> WHAT IS REQUIRED:
Retype every line of the data below, starting with the first and ending with the line that contains "We have these", but leave out the pictures.
#### RECORDS SUPPLIED
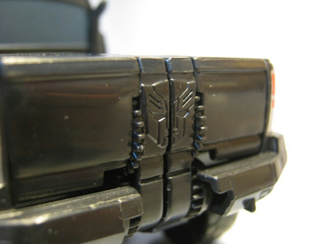 ビークル後部にはオートボットのエンブレムが。劇中モデルでも立体的だったエンブレムをプリントではなくちゃんとモールドで表してあるのが嬉しいポイント。
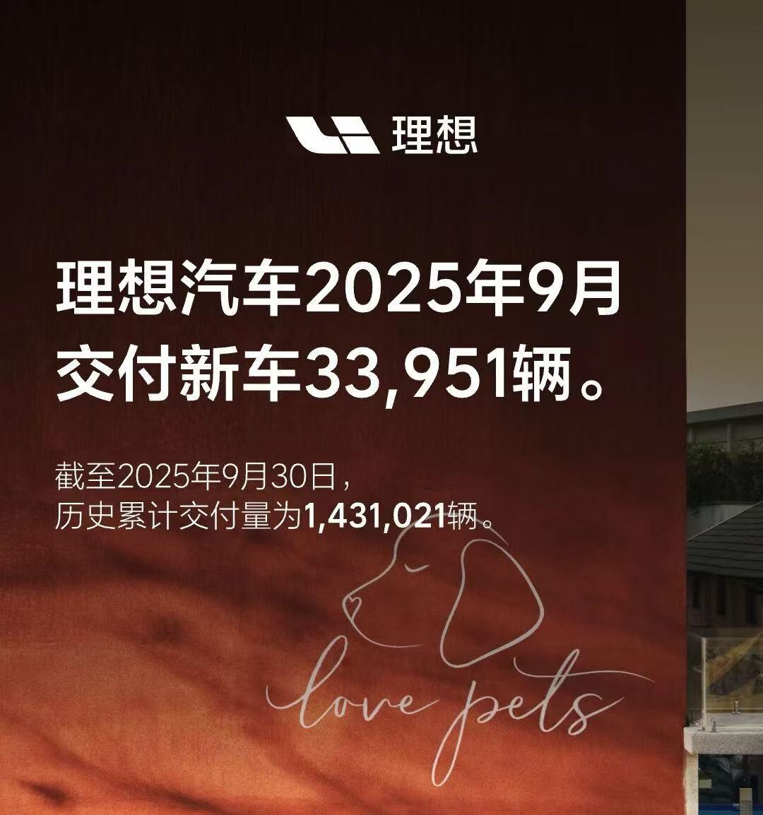 【理想汽车9月交付近3.4万辆】日前,理想汽车官宣:今年第三季度,理想汽车交付93211辆。其中,9月交付新车33951辆。除了理想L系列之外,理想汽车纯电家族也开始交付。其中,理想i8工厂正在加速提升产能,目标成为六座纯电SUV爆款产品。同时,理想i6于9月26日正式上市,现已开启交付。接下来,理想能否重回新势力销冠,就看纯电能带来多少增量,毕竟李厂长对于理想i6的目标可是月销破万辆。【来自懂车帝车友圈】
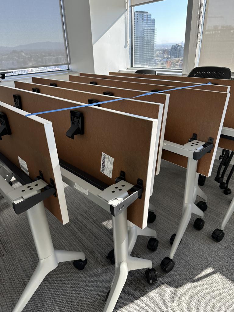 We have these nesting tables made by Hon. The surfaces that they come with are 60"x18" in a white top with silver base. We can also switch out the surfaces for new or pre owned surfaces in stock.
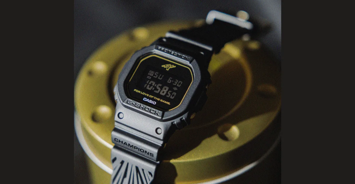 The G-SHOCK x TITAN 22 DW-5600TIT boasts the iconic lightning fist logo gracing its timeless design. The watch’s face and strap feature an original lightning pattern, accentuated by bold ‘World Champions’ lettering on the case back and packaging. Championing the spirit of victory, the packaging gleams in triumphant gold, blending the G-SHOCK DW-5600’s silhouette and TITAN 22’s lightning emblem, all while boldly proclaiming ‘World Champions’ to signify this epic collaboration.
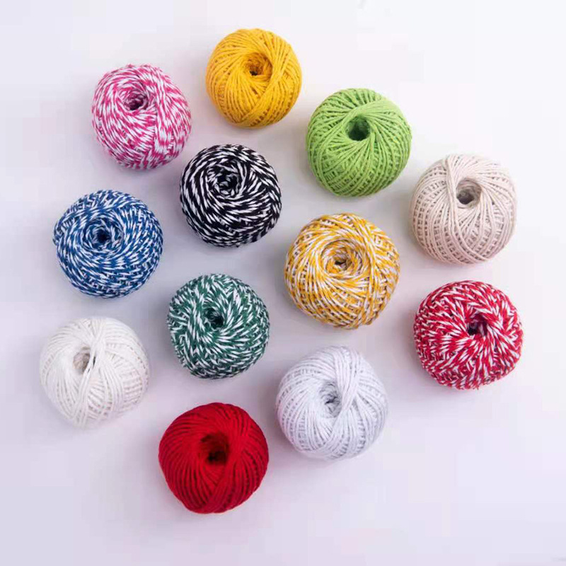2色のストランドのクリスマスの祝日のパーティーの装飾の綿の線はちまきの縄の線の2mm100メートルのカラーの太い綿の縄を包みます。
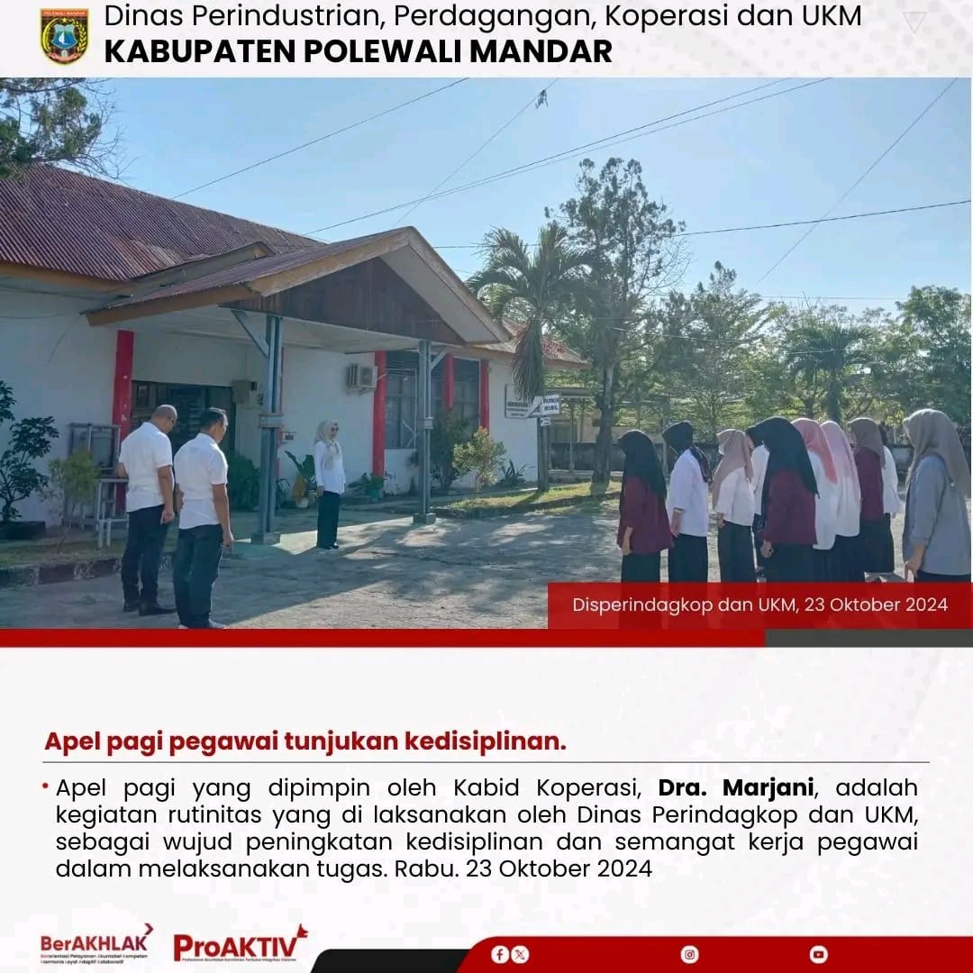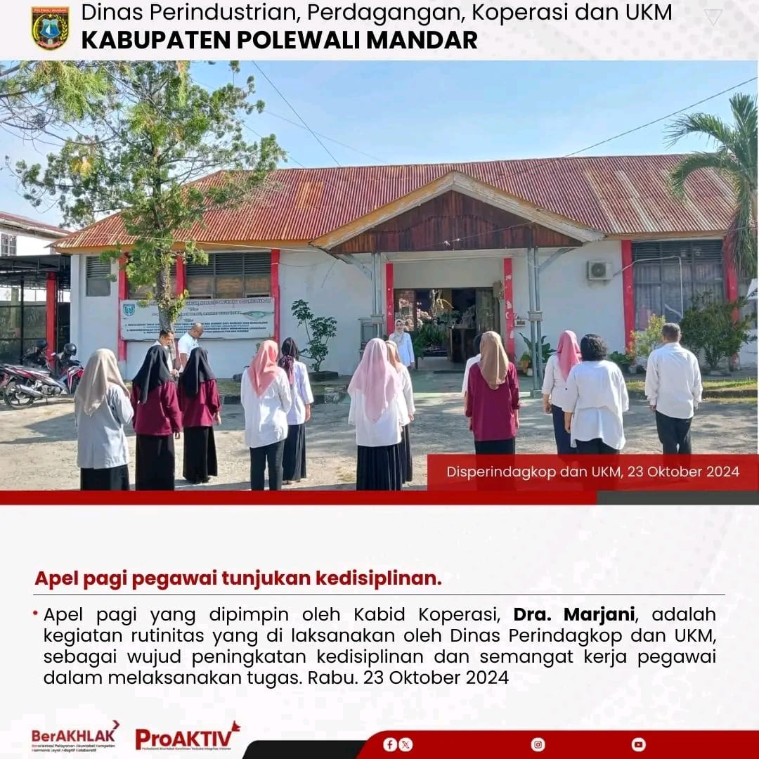 Dinas Perindustrian, Perdagangan, Koperasi dan UKM Kabupaten Polewali Mandar kembali menggelar kegiatan Jumat Bersih pada hari ini. Seluruh pejabat struktural, staf, hingga pegawai non-ASN terlibat aktif dalam menjaga kebersihan lingkungan kantor. Jumat, 07 November 2025...
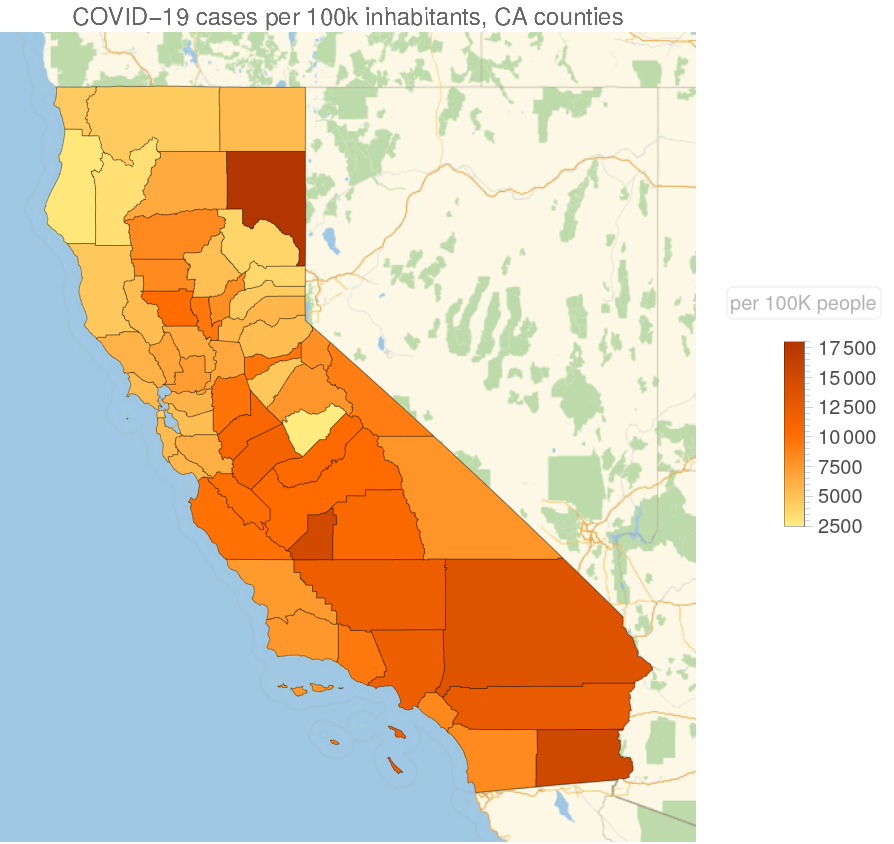 Visualize the confirmed cases of California counties, per 100k inhabitants:
########
> REPLY TO THE TASK:
 ビークル後部にはオートボットのエンブレムが。劇中モデルでも立体的だったエンブレムをプリントではなくちゃんとモールドで表してあるのが嬉しいポイント。
 【理想汽车9月交付近3.4万辆】日前,理想汽车官宣:今年第三季度,理想汽车交付93211辆。其中,9月交付新车33951辆。除了理想L系列之外,理想汽车纯电家族也开始交付。其中,理想i8工厂正在加速提升产能,目标成为六座纯电SUV爆款产品。同时,理想i6于9月26日正式上市,现已开启交付。接下来,理想能否重回新势力销冠,就看纯电能带来多少增量,毕竟李厂长对于理想i6的目标可是月销破万辆。【来自懂车帝车友圈】
 We have these nesting tables made by Hon. The surfaces that they come with are 60"x18" in a white top with silver base. We can also switch out the surfaces for new or pre owned surfaces in stock.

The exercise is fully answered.